Stored items from a collection:
== Segment start ==
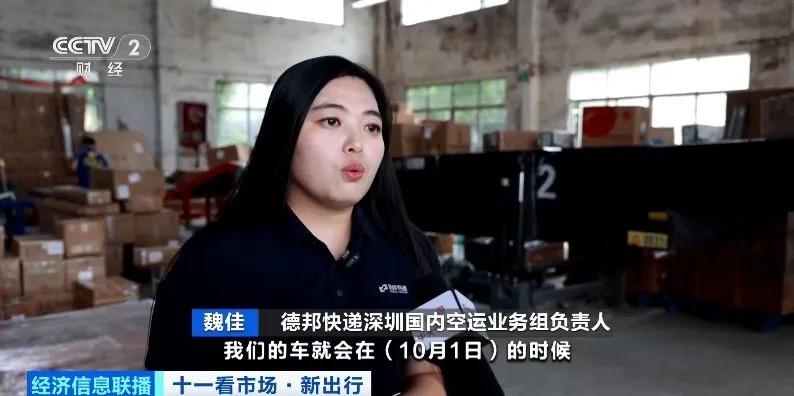 德邦快递深圳国内空运业务组负责人 魏佳:我们在整个过程中都是有一对一的客服跟进,比如,客户是10月1日到,我们的车就会在10月1日的时候送到他的指定地点。
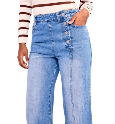 These Front Two Pocket Stretch Wide Leg Denim Jeans combine comfort and style with a flattering high-rise fit. Crafted from stretch denim (97% cott...
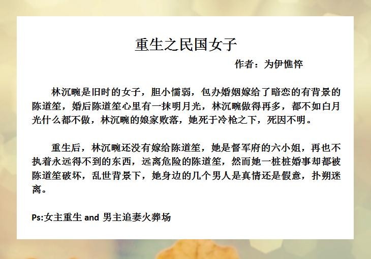 整理一波民国文,有重生梗,打脸虐渣,看几遍都不腻,非常过瘾!
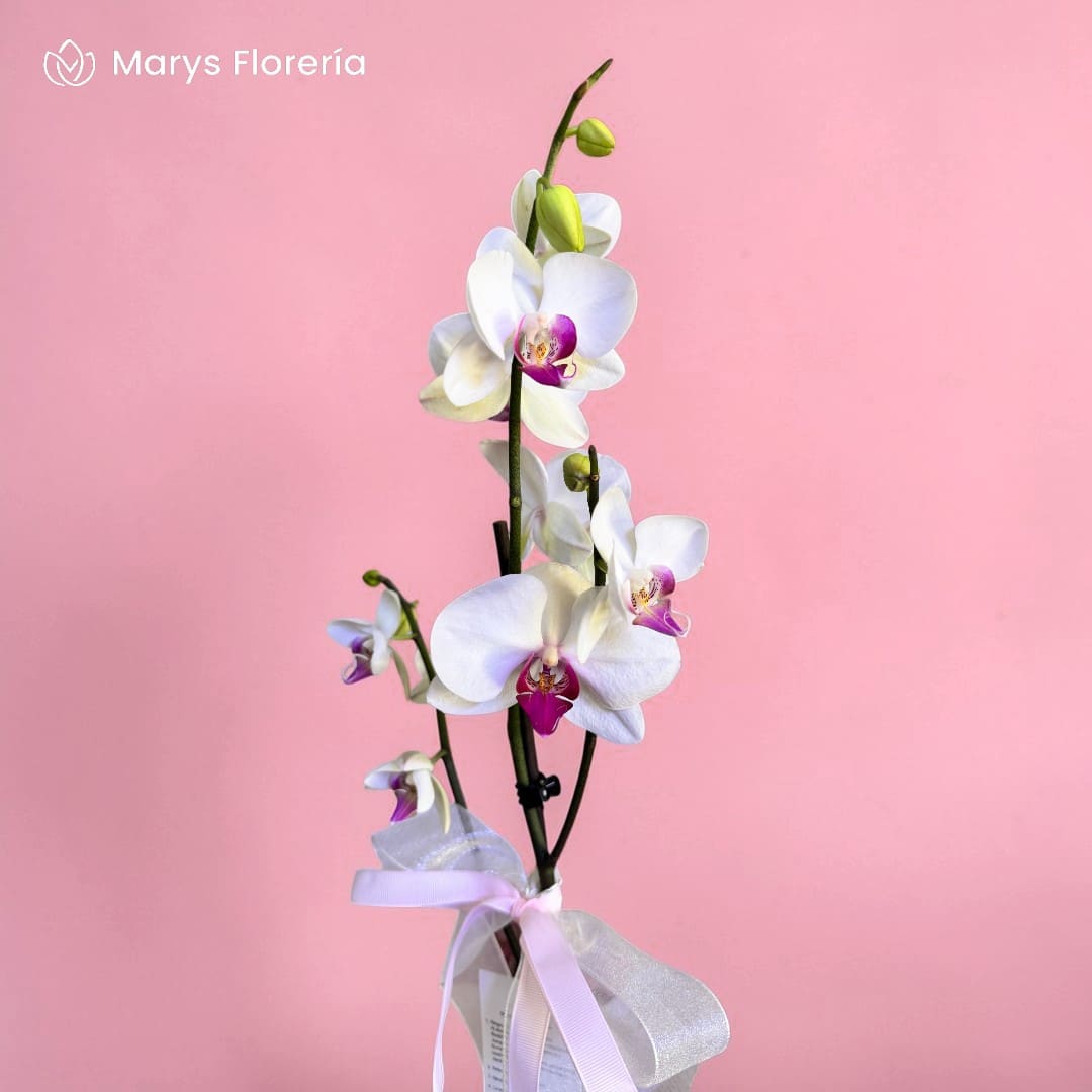 ORQUIDEA BLANCA Y FUCSIA 01 VARA RAMIFICADA
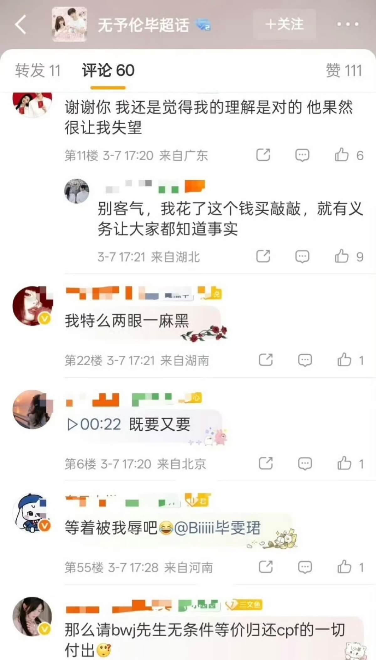 這段音頻被一些粉絲錄影分享到公開平台,許多「無予倫畢」CP粉表示心碎,覺得畢雯珺這樣說話就是在拆CP。
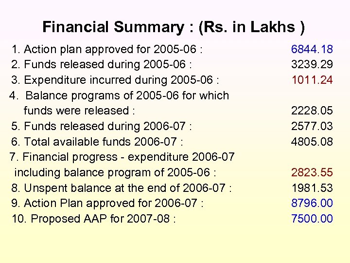 Financial Summary : (Rs. in Lakhs ) 1. Action plan approved for 2005 -06 : 2. Funds released during 2005 -06 : 3. Expenditure incurred during 2005 -06 : 4. Balance programs of 2005 -06 for which funds were released : 5. Funds released during 2006 -07 : 6. Total available funds 2006 -07 : 7. Financial progress - expenditure 2006 -07 including balance program of 2005 -06 : 8. Unspent balance at the end of 2006 -07 : 9. Action Plan approved for 2006 -07 : 10. Proposed AAP for 2007 -08 : 6844. 18 3239. 29 1011. 24 2228. 05 2577. 03 4805. 08 2823. 55 1981. 53 8796. 00 7500. 00
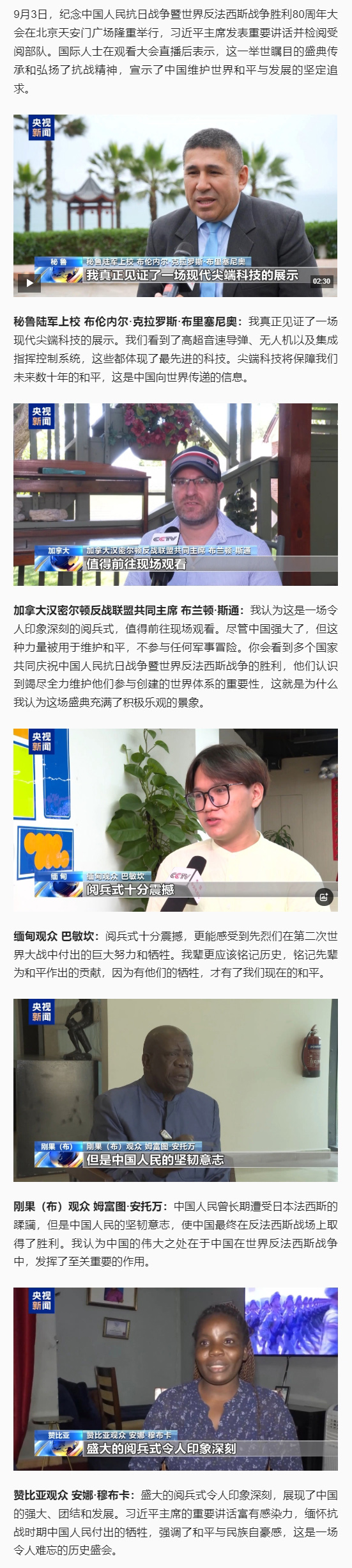 原标题: 国际人士:阅兵式宣示中国对和平的追求
== Segment end ==
(What to work on) The lines to copy exactly start with the line above that has "These Front Two" and go on through the line that has "這段音頻被一些粉絲錄影分享到"; please include both, add nothing else, and omit the pictures.

(Result of this exercise)
 These Front Two Pocket Stretch Wide Leg Denim Jeans combine comfort and style with a flattering high-rise fit. Crafted from stretch denim (97% cott...
 整理一波民国文,有重生梗,打脸虐渣,看几遍都不腻,非常过瘾!
 ORQUIDEA BLANCA Y FUCSIA 01 VARA RAMIFICADA
 這段音頻被一些粉絲錄影分享到公開平台,許多「無予倫畢」CP粉表示心碎,覺得畢雯珺這樣說話就是在拆CP。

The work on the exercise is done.